## Task brief
Omit any picture, and return the remaining data exactly as written.

## Dataset excerpt
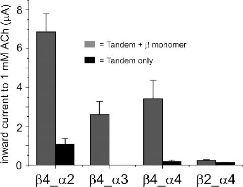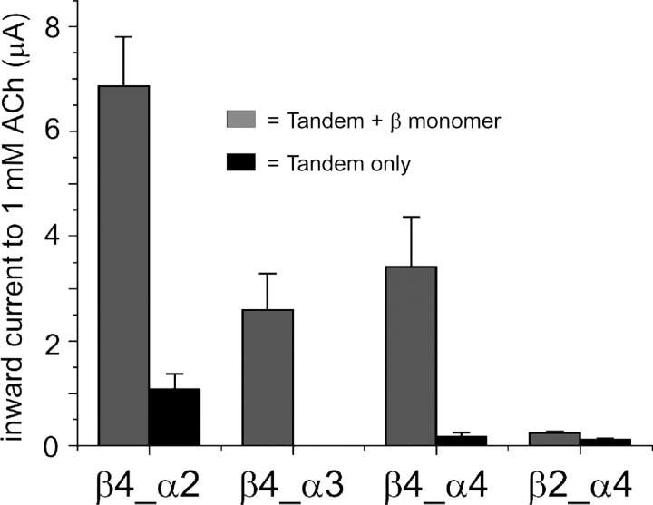 Figure 3. . Some tandem constructs form functional channels when expressed alone in Xenopus oocytes. Tandem constructs were expressed with or without monomer construct of the same β subunit they contain (β2 or β4; 2 ng/μl tandem to 0.5 ng/μl monomer; 46 nl injected/oocyte). The four tandem constructs shown here were the only ones to produce functional receptors when expressed with the corresponding β monomer (n = 5–10). Note that three out of these four tandem constructs produced inward currents to 1 mM ACh also when expressed alone (2 ng/μl injected, n = 4–6). Only the β4_α3 tandem construct failed to produce any inward currents (n = 6) when expressed alone.
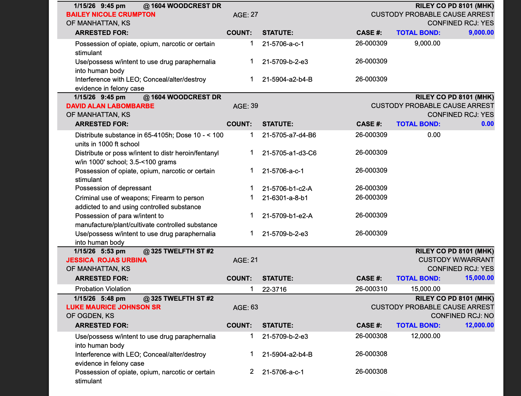 The following is a summary of arrests, citations by the Riley County Police Department. Those arrested are presumed innocent until proven guilty in a court of law.
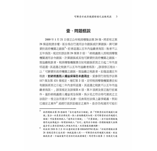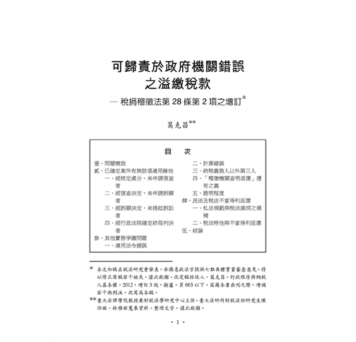 01.可歸責於政府機關錯誤之溢繳稅款:稅捐稽徵法第28條第2項之增訂/葛克昌
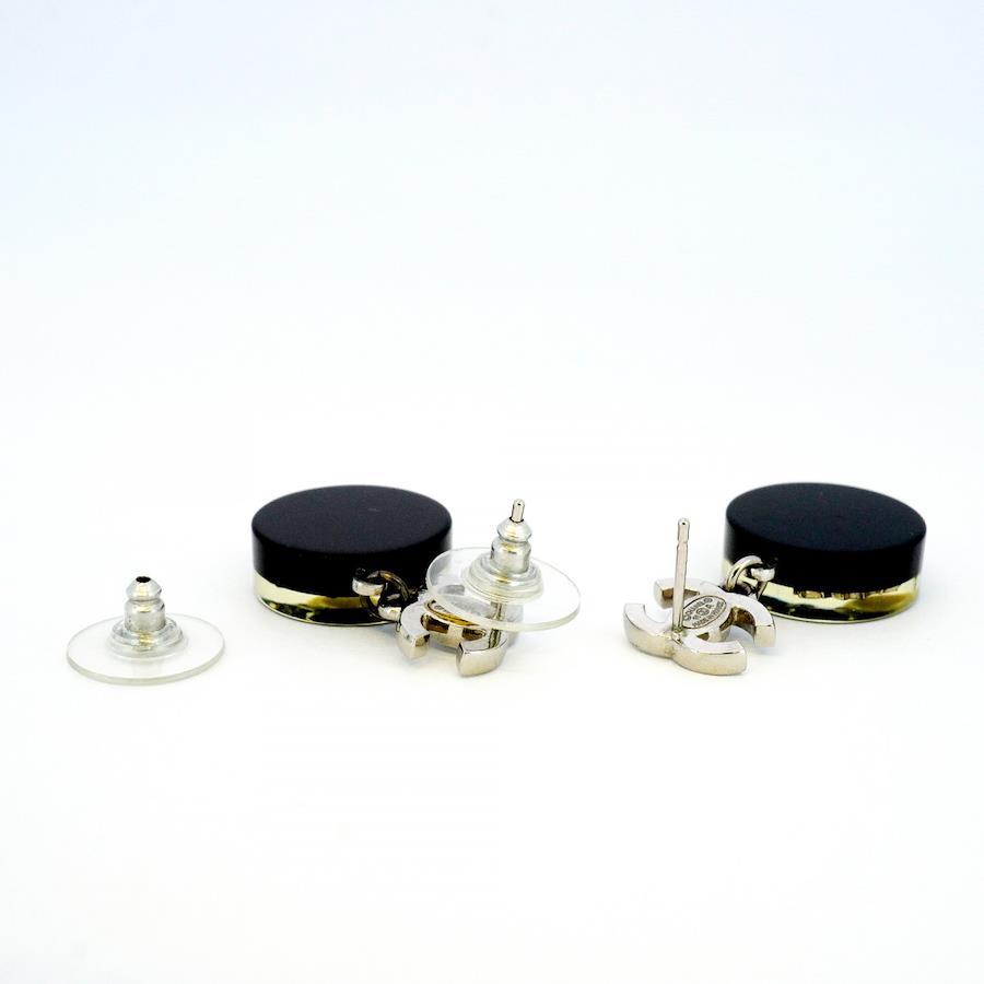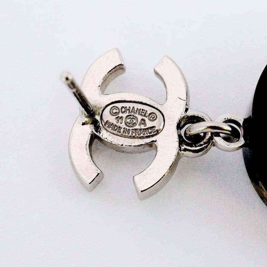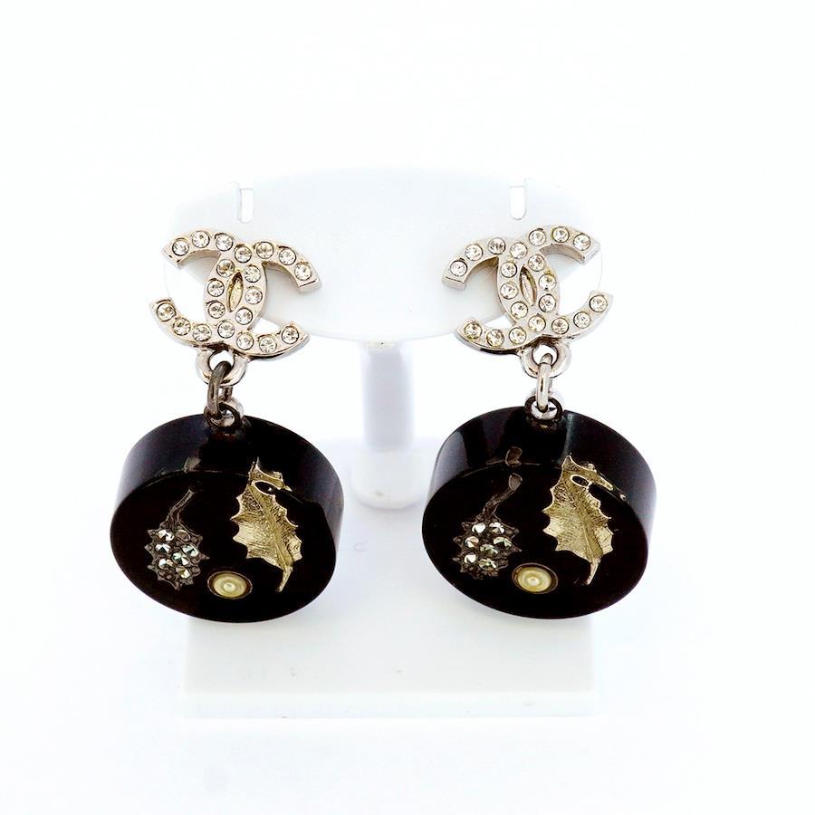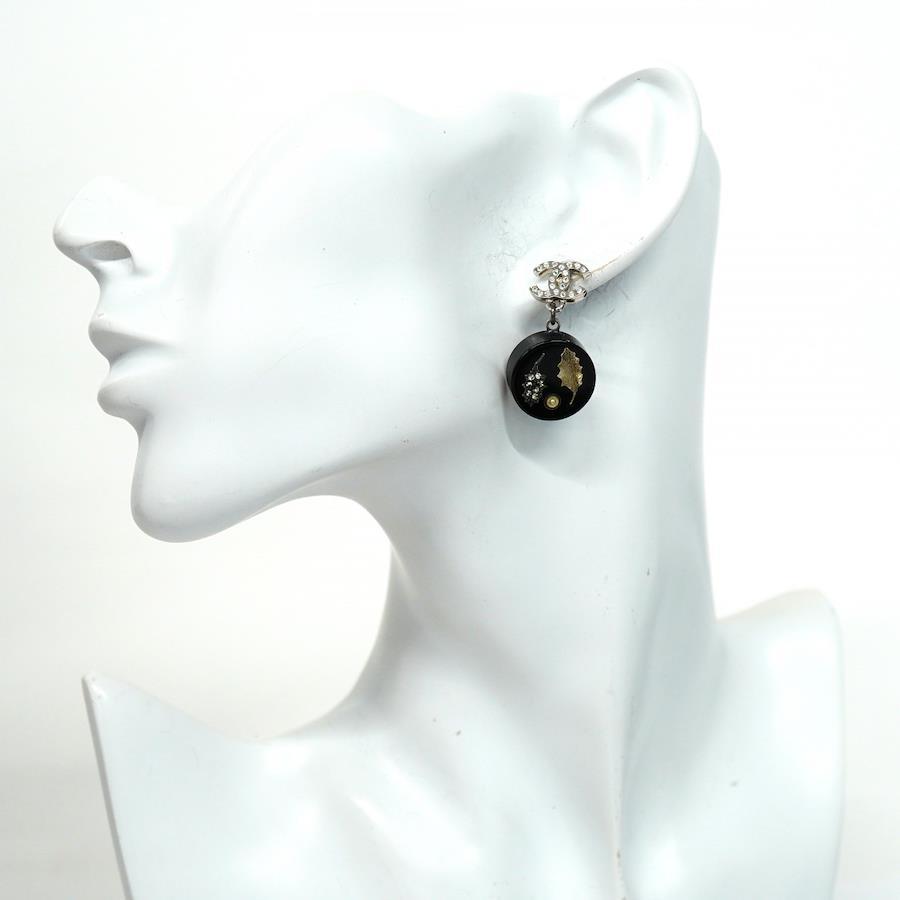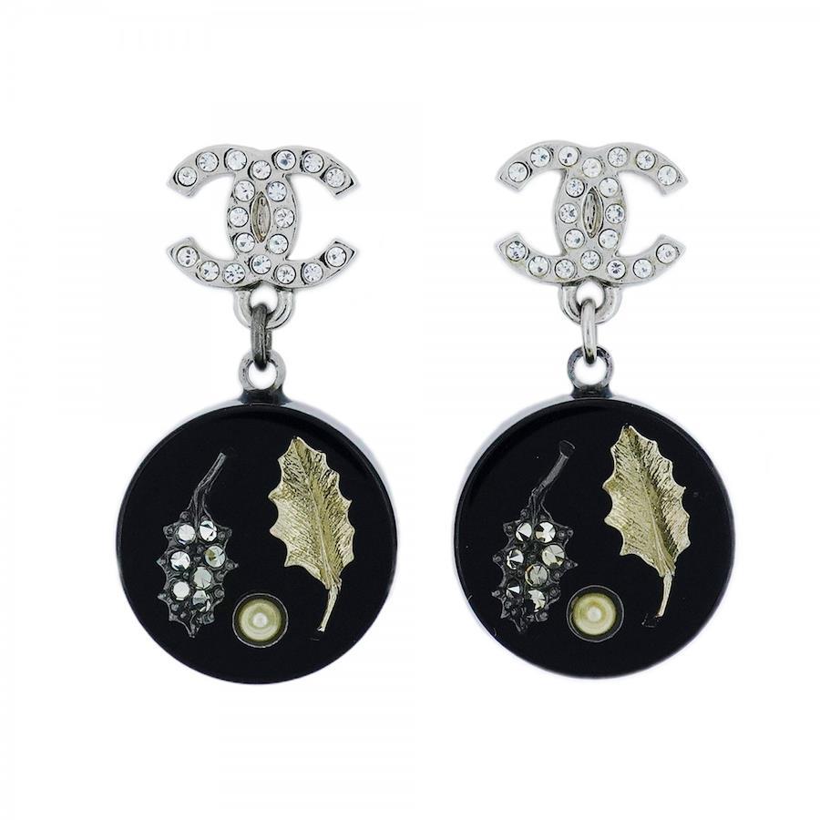 【5jib0428】シャネル ピアス ココマーク 丸型 サークル リーフモチーフ メタル フェイクパール ラインストーン シルバー ブラック【中古】レディース

## The completed task
 Figure 3. . Some tandem constructs form functional channels when expressed alone in Xenopus oocytes. Tandem constructs were expressed with or without monomer construct of the same β subunit they contain (β2 or β4; 2 ng/μl tandem to 0.5 ng/μl monomer; 46 nl injected/oocyte). The four tandem constructs shown here were the only ones to produce functional receptors when expressed with the corresponding β monomer (n = 5–10). Note that three out of these four tandem constructs produced inward currents to 1 mM ACh also when expressed alone (2 ng/μl injected, n = 4–6). Only the β4_α3 tandem construct failed to produce any inward currents (n = 6) when expressed alone.
 The following is a summary of arrests, citations by the Riley County Police Department. Those arrested are presumed innocent until proven guilty in a court of law.
 01.可歸責於政府機關錯誤之溢繳稅款:稅捐稽徵法第28條第2項之增訂/葛克昌
 【5jib0428】シャネル ピアス ココマーク 丸型 サークル リーフモチーフ メタル フェイクパール ラインストーン シルバー ブラック【中古】レディース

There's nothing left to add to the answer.